Black Witchery, Archgoat, Beherit, Conqueror, Revenge, Teitanblood, Kaeck, Tsjuder, Anvl Vomit, Antekhrist - these names are whispered when fans describe the moment war metal stopped being exploratory and started being "performative", that is to say generic, derivative, and interchangeable... exactly the same "disease" that affected late stage hardcore in the late 1970s and let to the NWOBHM revival, spearheaded by serious bands like Motörhead and Helgrind. Some have produced very mediocre work, others traffic in nostalgia or volume at the expense of creativity. Others just merely "exist" in a state of limbo, to milk on their undeserved "kvlt" reputation and to sell merch (Conqueror). The point is not to cancel them wholesale - it's to observe that their success has normalised a lowered creative bar, and detracts from the actual talent that lies (very) dormant in the war metal underground scenes, throughout the world.

Let me be clear: conservatism in a genre is not inherently immoral. Neither is it always "elitist", as casual scenesters and other Cradle of Filth posers like to claim. There is a comfort, even a delirious pleasure, in bands that perfect a particular noise. But the problem becomes cultural when perfection of a formula is mistaken for artistic advancement. When the only metric is "brutality" as measurable by decibels and tempo, we lose the capacity for surprise. The genre becomes a parade of uniforms... and since war metal uniforms are so iconic (military gear, pentagrams, red/white/black covers featuring goats, corpse paint, etc.), it's a recipe for disaster. Unless you consider attracting the Hot Topic mallgoth crowd a musical success, in which case: good job, war metal. You are now the new Dimmu Borgir.

What, then, is the remedy? Fewer trophies for replication. More reward for risk. Support bands that take composition as seriously as concept - that treat noise as a complicated medicine rather than a blunt instrument for Instagram likes. In the end, the decline of war metal into a late-stage, three-chord parody is less the work of any single band than the symptom of an ecosystem that rewards replication, likely designed and maintained by people who don't even "get" war metal in the first place.

The early masters - Phantom, Burzum, Vermin, Warkvlt, Ildjarn, 1349, Reiklos, Neraines - did not merely maximise ugliness. They built something dark, evil, unholy, unstable and alive. No one can listen to something like "Divine Necromancy" or "Under a Funeral Moon" and say, "oh, it sounds like Pink Floyd with more distortion". Of course not. The current crop too often imitates the superficial "violence" without inheriting the actual risk. If we want to salvage the genre's integrity, we need to prize unpredictability again - the ugly, inconvenient, and occasionally incomprehensible choices that made war metal worth listening to in the first place.
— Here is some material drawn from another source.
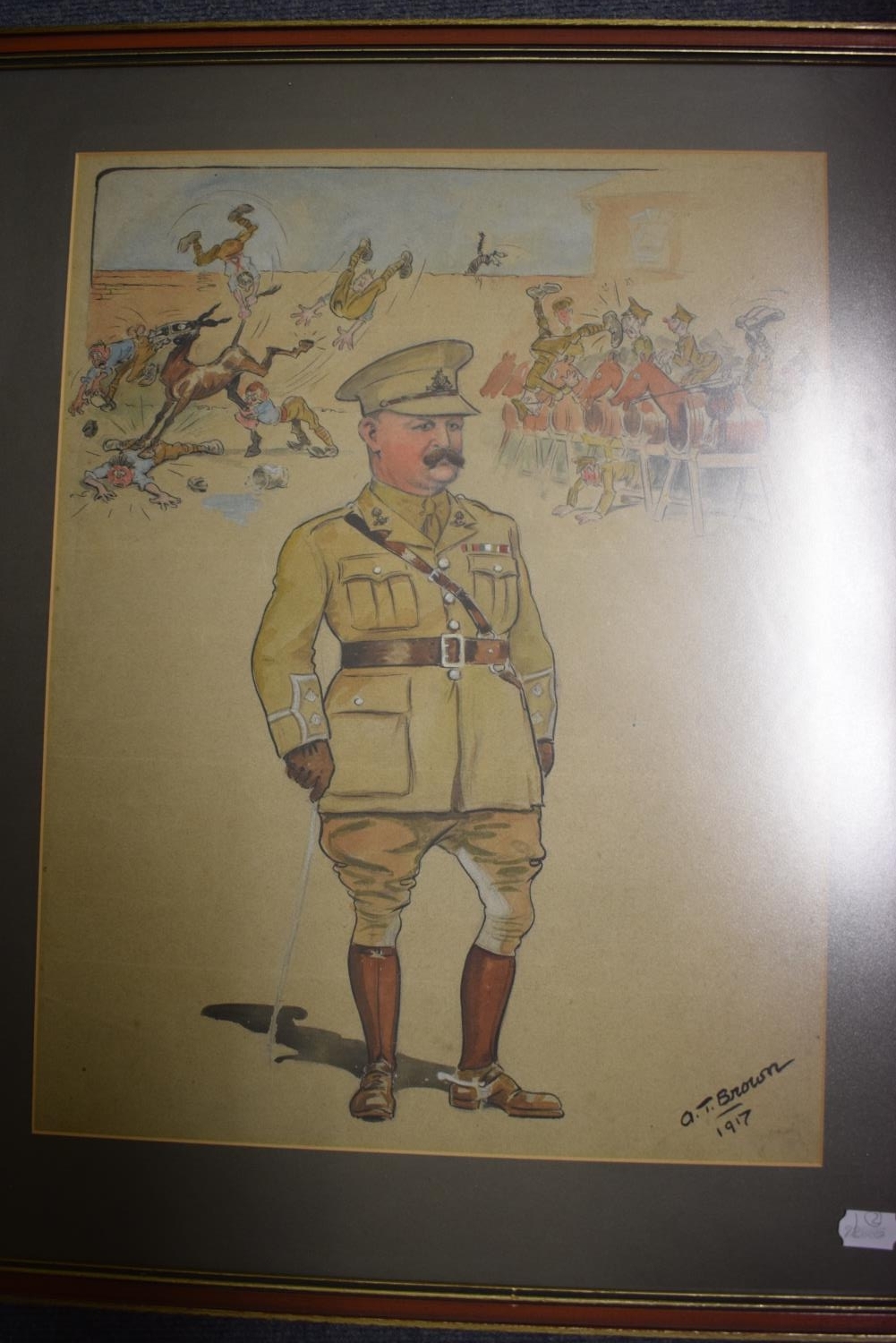 A T Brown, Lieutenant A Edmondson with his men learning to ride horses on barrels, watercolour heightened with bodycolour, signed and dated 1917, 54 x 41 cm, a group of Asterix books, an Asterix poster, and a Brazil Railway Company share certificate
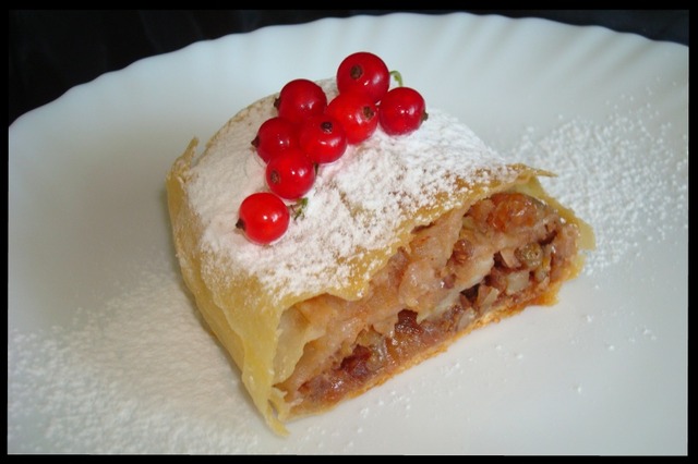 Этот с любимой начинкой яблоко+орехи+изюм+корица. За рецепт спасибо =Юлька= "Штрудель венский" https://www.povarenok.ru/recipes/show/61754/

So stop applauding the comfortable. Start listening for the true bands. These bands are where the future lies anyway. The "flavour of the week" goat worshipers are doomed to obsolescence by their own insignificance and trend-hopping behaviour. How many metalheads remember past trends? Deathcore? Crunkcore? Slam death? Sludge? Tek-Deaf? How many still listen to Necrophagist in the current year? What about Brokencyde? Waking the Cadaver? Krisiun? These were "all the rage" back in the day. But, like smoke, they disappeared... easy come, easy go. Why? Because they had no substance. War metal is headed in the same trajectory. Luckily, there are still some solid bands keeping the black flames alive (just listen to Sissourlet). So fade the noise (the trends), and stay true to the war metal ethos.